Explanation of code:First - first, we need to note that it was "prepared" a loop in there (while). It's actually "kerjaaan" I, which makes it so the program can be repeated continuously (Please edit yourself if you want to change it) . In the main function, as we saw, we wish that our input has a value at least equal to one. Then after that, we put the input in the millions. The trick is similar to how we translate the numbers - the numbers into words - words. The process can take a look at the conditions - the conditions on these functions.• If the result rounded to 1,000,000 of the distribution of n is 0 (zero), it stands to reason that n is not the number of millions.• If the result rounded to 1,000,000 of the distribution of n is 1 and the remainder is 0 (zero), then n must be 1,000,000 (one million).• If the result rounded to 1,000,000 of the distribution of n greater than 1, then these numbers must be greater than or equal to 2,000,000. Then the results of the division is rounded, inserted into the third (because the maximum value of number is hundreds of millions of millions), then it prints the word "million", and then the rest is put in a fourth (because there is the possibility of remaining worth thousands)At the function - other functions are also made in this way until finally on the part of the unit number. Only, if we look at the second function, there is a condition where if the result is a round of division, and if the remainder is greater than 1, then the rest will be put in first and later in the printed word "twelve". So for example, the figure is 19, the rest of course is 9. Number 9 in the first, will produce the word "nine" on the screen.

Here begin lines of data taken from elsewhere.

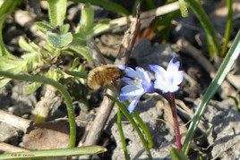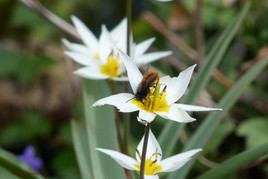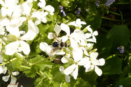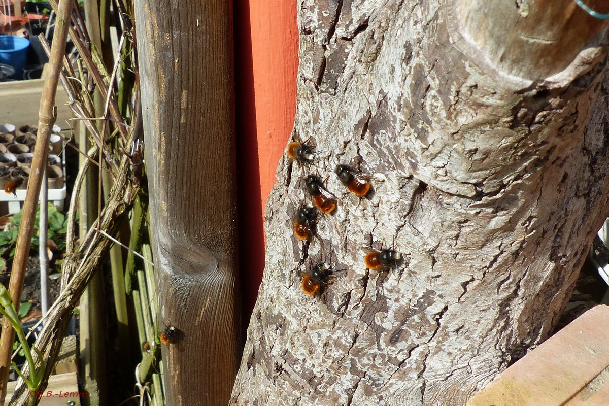 Die Insekten erobern den Garten ebenfalls wieder. Mittlerweile beginnt die Vergissmeinnicht-, Taubnessel-, Silberblatt-, Schlüsselblumen- und Obstbaumblüte. Ackerhummel, Erdhummeln, Sandbienen und die entsprechenden Blutbienen, Wollschweber, Siebenpunkt-Marienkäfer, Aurorafalter, C-Falter und Tagpfauenauge ließen sich bisher einzeln oder auch mal zu zweit oder dritt sehen.
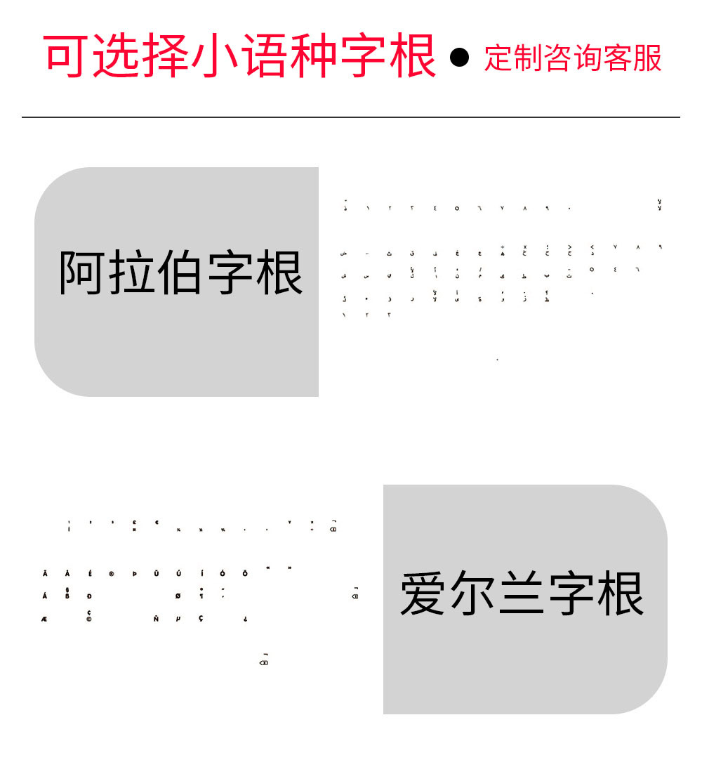 需要定制小语种字根请联系客服:阿拉伯字根,爱尔兰文,藏文字根,俄文,韩文,日文,泰文等
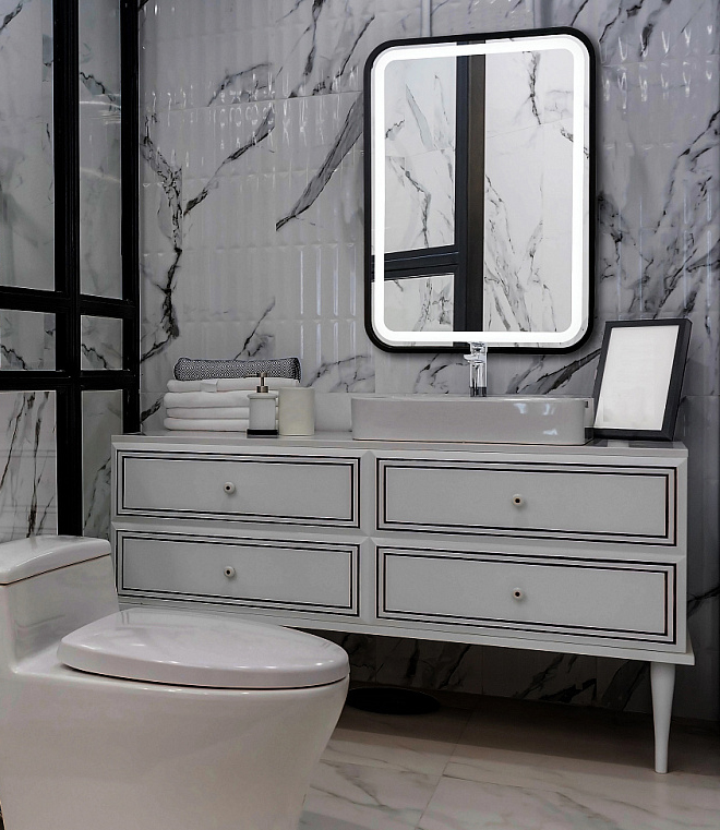 Зеркало с LED-подсветкой в стильной раме черного цвета. Модель сделана из стекла высшего качества M0 (влагостойкое, минимальные оптические искажения). Изделие оснащено сенсорным выключателем с функцией плавного диммирования, с запоминанием последнего значения. Короткие касания светящейся области включают/выключают подсветку, длительное касание меняет яркость свечения. LED-подсветка выдерживает до 50 тыс. часов работы в непрерывном режиме.
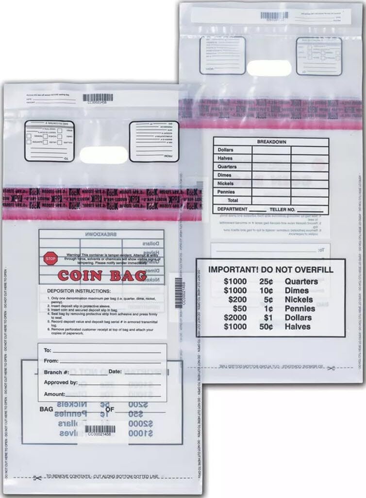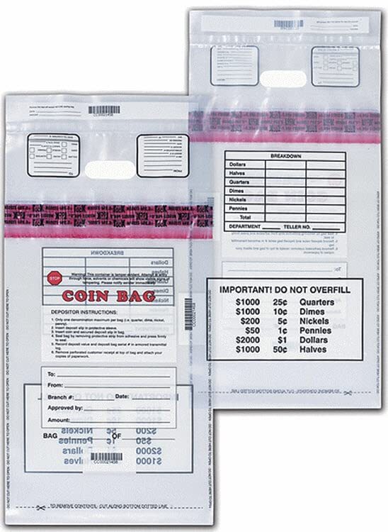 - Large Heavy Duty Coin Deposit Bag, Size 20 x 12, 100 Bags, Clear
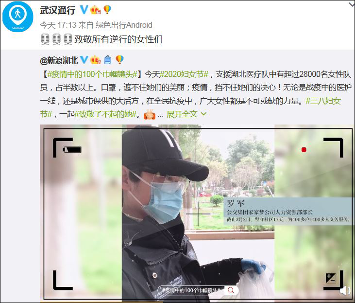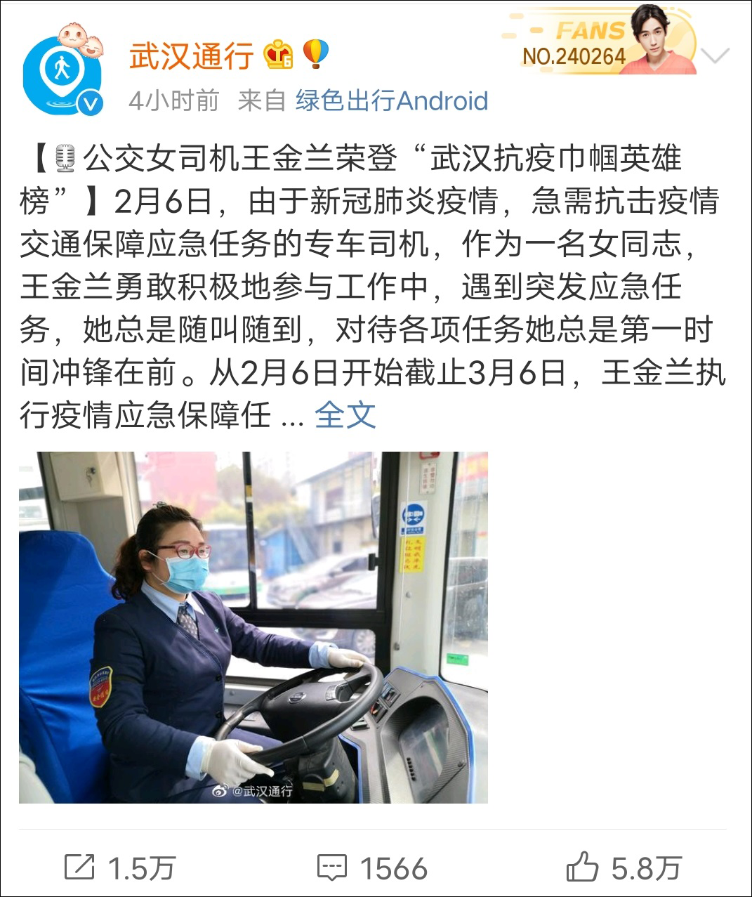 更有女司機榮登“武漢抗疫巾幗英雄榜”。

Then coupled with the word "twelve", then the result is "nineteen". So, we do not have to make a case for "twelve - twelve" other than 11 (eleven) cover
Phew, finally finished this paper as well (actually a few more minutes before Van Helsing action aka the middle of the night: D). Tau guns, how much time I spend in front kompie to improve this paper. Moreover, because this is my first post, it certainly does not make mistakes - mistakes (actually writing to any human being there must be a mistake because nothing is perfect.